Disconnect is right.
Thank you for this post.

In addition to the fact that the design offends, it also tells you alot about what histories are actually taught (or not) in our schools. Or about how American history IS taught (omissions, exclusions, the careful glossing over of a not so democratic past). For to say "I don't get it"(as in, why are people upset?) is actually to say "I never got it" (i.e., an honest to goodness education). It's also to admit a complete lack of curiousity about this nation's history.

And just as disturbing: considering the incarceration rates of young African American men -- thanks, to a great extent, to the racially-driven war on drugs (see Michelle Alexander's The New Jim Crow) -- the design of these shoes betrays a willed-ignorance concerning the plight of a significant segment of the U.S. population.
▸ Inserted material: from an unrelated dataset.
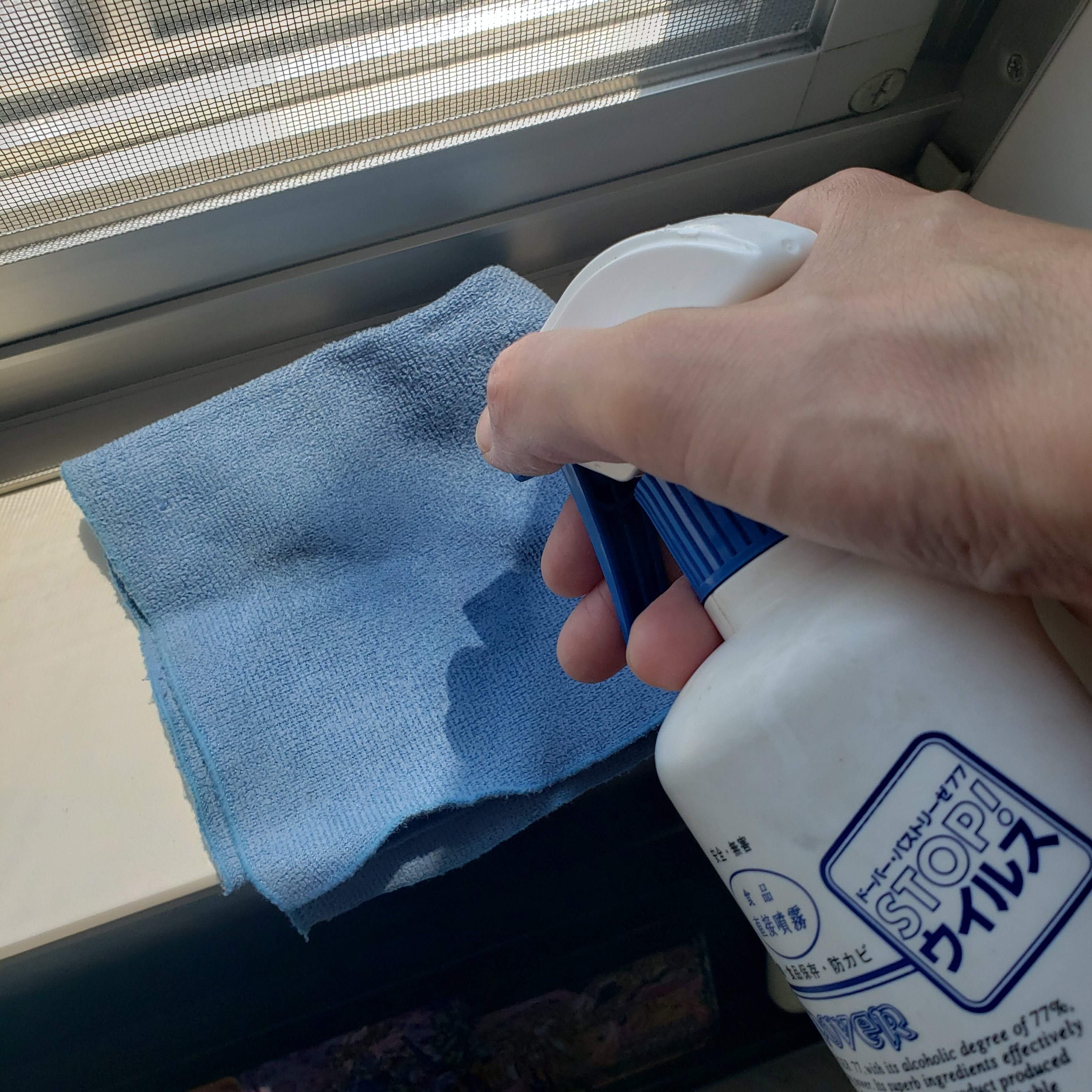更に余裕があれば、本体をパストリーゼなどのアルコール除菌スプレーで拭き取る。

One has to wonder about the segregated life of the designer (as well as of the lives of those mystified by the reaction...
With the monkey on the phone, I am reminded that White people think of Africa as being about the (use a very whiny tone here) aaaaanimals.

The people don't even seem to exist or matter to White America. Name a major film set on the African continent that was not about some insipid romance between otherwise useless White colonials.

In fact, what is this "Africa" business? There are actually nations there. The disrespect is so profound considering that we are dealing with an entire continent that is finding ways to get ahead without us.

The shackles are just a symbol of America's real dirty secret: we have too many stupid people here! Great post and R.
People hear what they want to hear and they see what they want to see. There is nothing here but ugly shoes.
All that I could think of was how hideously ugly and ridiculously expensive those shoes are. Nothing racial about it.
Controversy aside, I think these are the ugliest sneakers. His motivation may have been pure, and his intentions to just be eccentric. However, we cannot deny that the shoes indeed to some will conjure up additional ideas and references. I think scrapping this idea is a good one. Wow. These shoes really are ugly.